Work order —
Please restate, exactly, only the lines from the beginning of the listing below through the line containing "3.2. Influence of", with the pictures left out.

Provided material —
-----
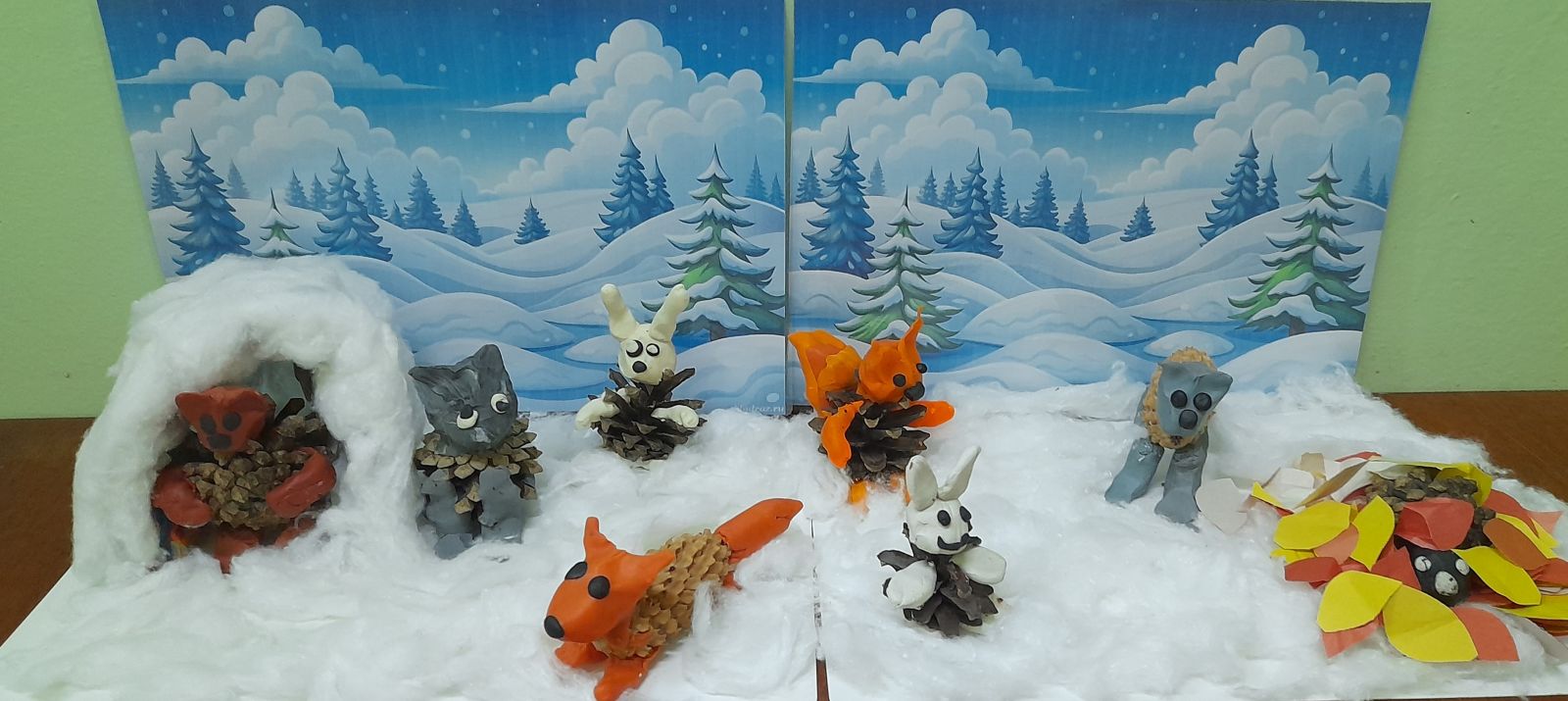 В один из дней тематической недели ребята трудились в творческой мастерской – из шишек и пластилина сделали зверей, которые живут в зимнем лесу.
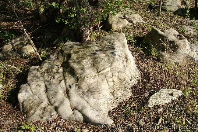 helle, weiße bis schmutzig beige, teils mürbe Sandsteine
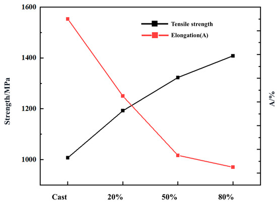 3.2. Influence of Different Reduction Amounts on the Microstructure and Mechanical Properties of Alloys
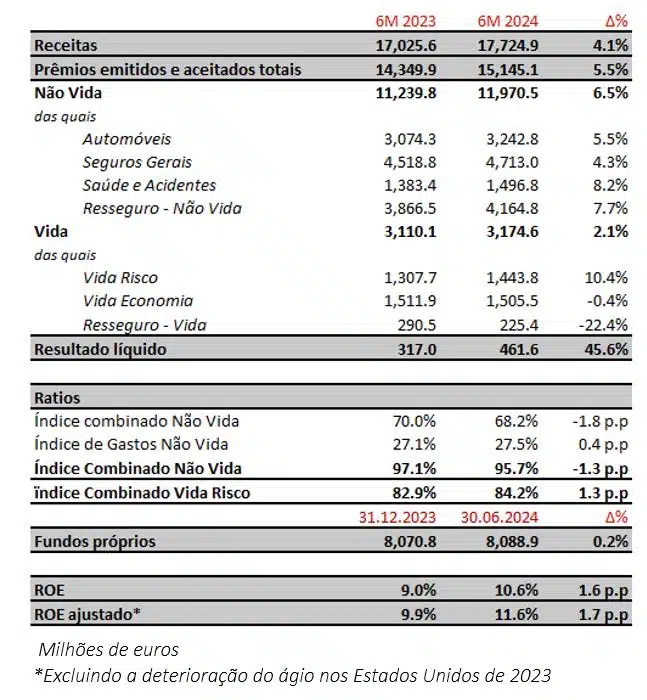 - As receitas, que incluem os prêmios e as receitas por serviços, alcançaram 253 milhões (+9,6%), registrando um lucro líquido de 3 milhões de euros.
-----
Answer section —
 В один из дней тематической недели ребята трудились в творческой мастерской – из шишек и пластилина сделали зверей, которые живут в зимнем лесу.
 helle, weiße bis schmutzig beige, teils mürbe Sandsteine
 3.2. Influence of Different Reduction Amounts on the Microstructure and Mechanical Properties of Alloys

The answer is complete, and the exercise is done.